The present invention relates generally to systems and apparatus for irradiating targets with electromagnetic radiation, and more specifically to annular-type applicators and associated systems for controlling application of radiation to biological tissue.
Several types of therapeutic treatments for cancer in humans are in current, common use. These treatments include surgery, X-rays, radiation from radioactive sources and chemotherapy, these treatments being often combined in various ways to enhance treatment effectiveness.
Although such conventional treatment techniques have been successful in treating cancer in many patients and in prolonging the lives of many other patients, they are frequently ineffective against many types of cancer and often have severe adverse side effects at the necessary treatment levels. Protracted treatment of cancer patients by X-rays or chemotherapy, as an illustration, tends to eventually destroy or inhibit the patients' natural immunological systems to an extent that many patients eventually succumb to common infectious diseases, such as influenza or pneumonia, which otherwise probably would not be fatal. Also, many patients having advanced stages of cancer or complications may become too weak to withstand the trauma of surgical or other cancer treatments; hence, the treatments cannot be undertaken or must be discontinued.

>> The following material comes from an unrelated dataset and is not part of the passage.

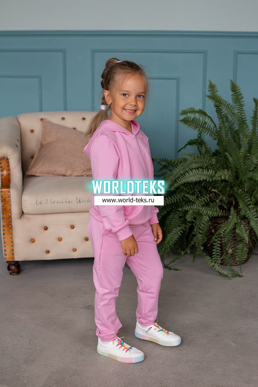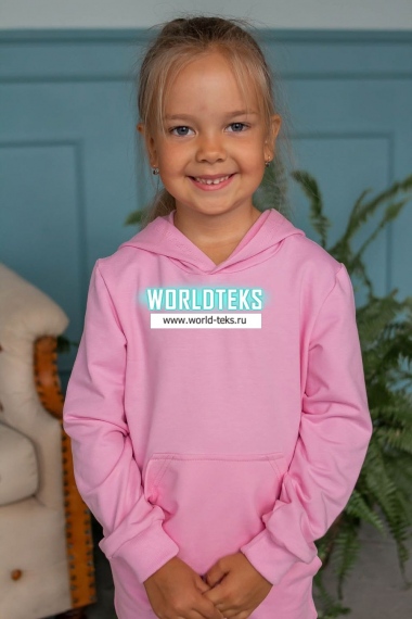 Костюм для девочек дошкольного и младшего школьного возраста. Костюм состоит из толстовки и штанов. Костюм из трикотажного эластичного хлопкового однотонного полотна футер. Толстовка с капюшоном, с длинным рукавом на манжете и поясе из основного полотна. На переде толстовки расположен карман-кенгуру. Штаны с боковыми карманами, на манжетах и поясе из основного полотна.

Due both to the prevalence and the typically severe consequences of human cancer, as well as frequent ineffectiveness of current treatments such as those mentioned above, medical researchers are continually experimenting in an attempt to discover and develop improved or alternative cancer treatment methods with their associated treatment apparatus.
Hyperthermia, the generation of artificially elevated body temperatures, has recently been given serious scientific consideration as an alternative cancer treatment. Much research has been conducted into the effectiveness of hyperthermia alone or in combination with other treatment methods. This research is important in that hyperthermia techniques appear to have the potential for being extremely effective in the treatment of many or most types of human cancers, without the often severely adverse side effects associated with current cancer treatments.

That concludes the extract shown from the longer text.